About this task => Pictures in the data must not be copied, but everything else should be output exactly.

Dataset extract =>

^^^^

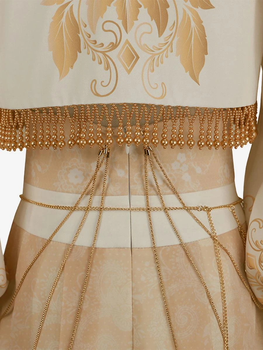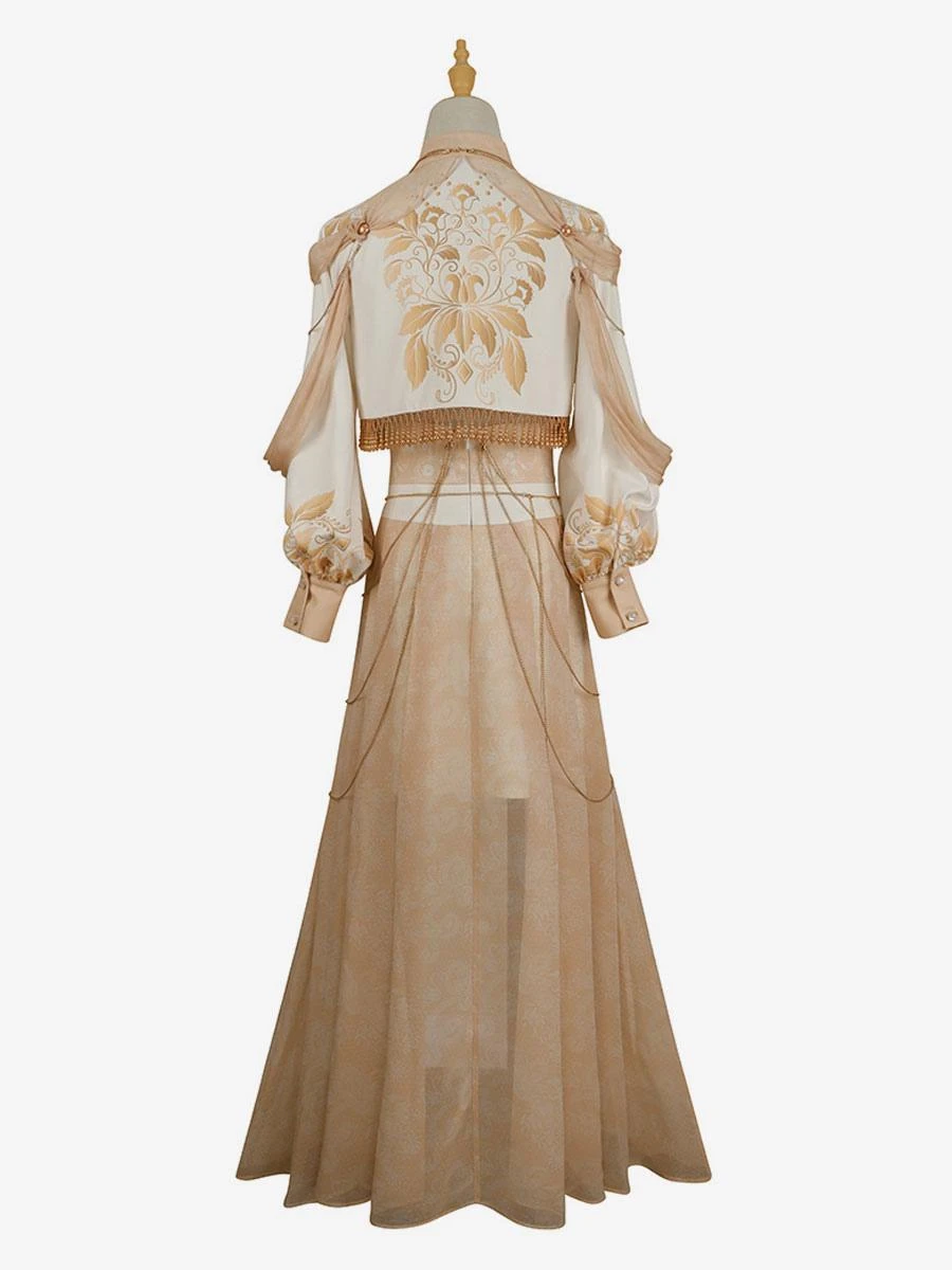 Academic Lolita Outfits Light Brown Floral Print Long Sleeves Top Skirt
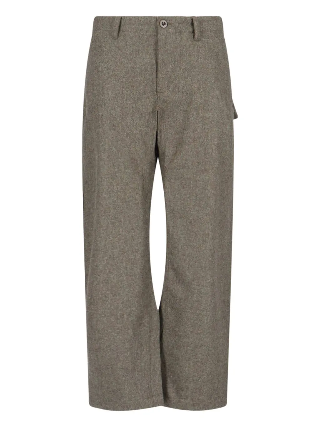 These are brown cargo pants with a loose fit. They feature a zip and button closure, belt loops, and two front pockets. The back has two large flap pockets and a small patch with a logo. The fabric appears to be a textured wool blend.
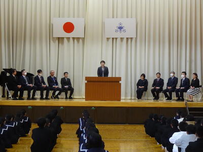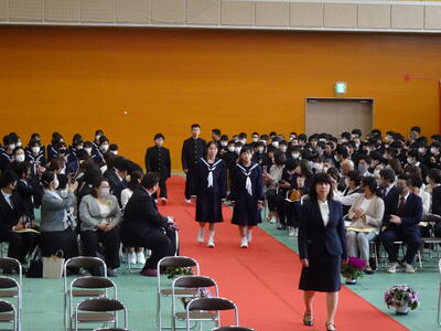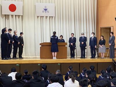 在校生を代表して、生徒会長から「『挑戦、努力、継続』この3つのことは中学校生活だけでなく、人生においても大切なことです。困難なことにも果敢に挑戦し、青春の1ページを共に描いていきましょう。」と歓迎のことばがありました。
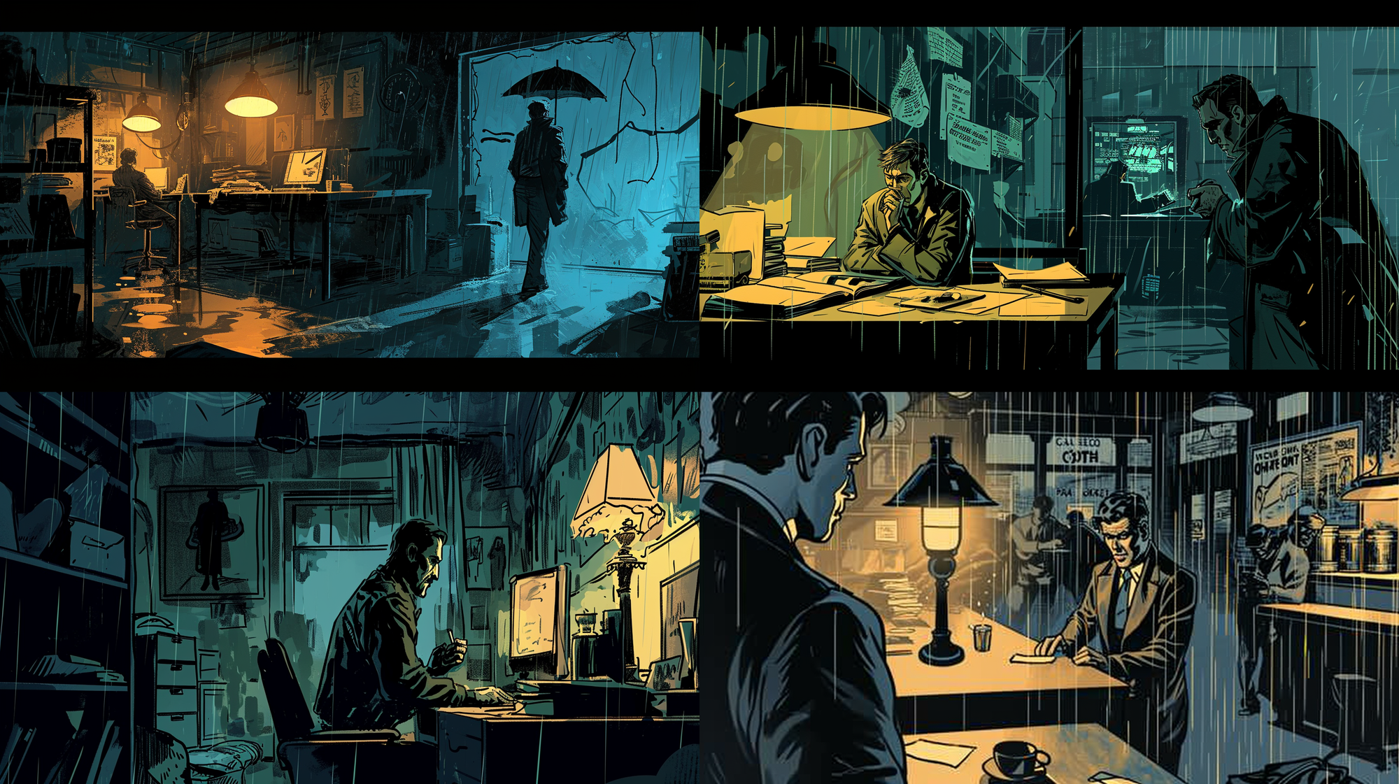 Comic page: 1) Detective examining clues in a dimly lit office. 2) Chasing a suspect through rain-soaked streets. 3) Unveiling the culprit in a dramatic reveal --ar 16:9 --v 6.0

^^^^

Solution for this problem =>
 Academic Lolita Outfits Light Brown Floral Print Long Sleeves Top Skirt
 These are brown cargo pants with a loose fit. They feature a zip and button closure, belt loops, and two front pockets. The back has two large flap pockets and a small patch with a logo. The fabric appears to be a textured wool blend.
 在校生を代表して、生徒会長から「『挑戦、努力、継続』この3つのことは中学校生活だけでなく、人生においても大切なことです。困難なことにも果敢に挑戦し、青春の1ページを共に描いていきましょう。」と歓迎のことばがありました。
 Comic page: 1) Detective examining clues in a dimly lit office. 2) Chasing a suspect through rain-soaked streets. 3) Unveiling the culprit in a dramatic reveal --ar 16:9 --v 6.0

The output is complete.